Spicer elaborava a mensagem de seu chefe, que havia feito falsas afirmações mais cedo naquele dia sobre a cobertura da mídia, ao declarar uma "guerra em curso" com a mídia durante uma visita à CIA, cujo dever mais solene é enviar informações verdadeiras e vitais aos presidentes quando travam guerras reais.

Causou calafrios quando a afirmação de Trump de que os repórteres estão "entre as pessoas mais desonestas da terra" provocou aplausos da multidão reunida para ouvi-lo falar diante do memorial aos agentes mortos, na sede da CIA.

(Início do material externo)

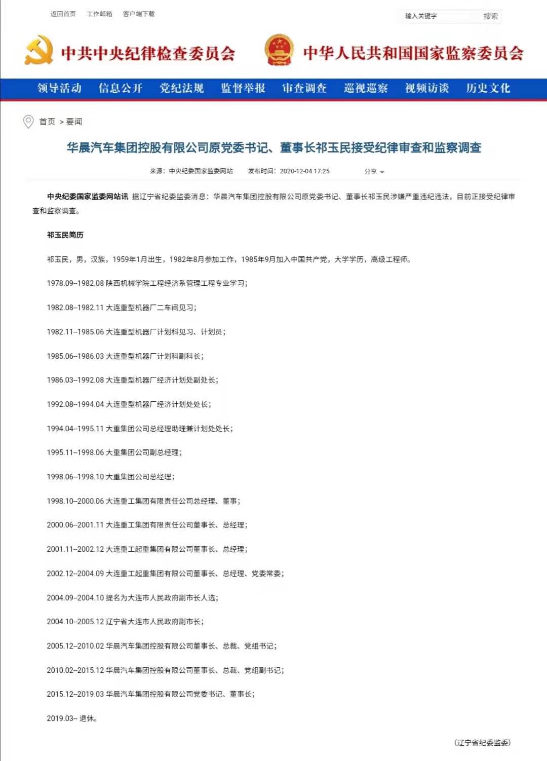 12月4日晚间,中央纪委国家监委网站发布消息称,辽宁省纪委监委已经对华晨汽车集团控股有限公司原党委书记、董事长祁玉民涉嫌严重违纪违法,目前正接受纪律审查和监察调查。

Ainda mais assustador foi quando a assessora sênior da Casa Branca Kellyanne Conway apareceu no programa "Meet the Press" no domingo para afirmar que as falsidades de Spicer foram simplesmente "fatos alternativos".

Conway não fez rodeios sobre o que ela pensa da capacidade da mídia de desbancar esses "fatos alternativos" de um modo em que os americanos acreditariam, especialmente os que adoram Trump.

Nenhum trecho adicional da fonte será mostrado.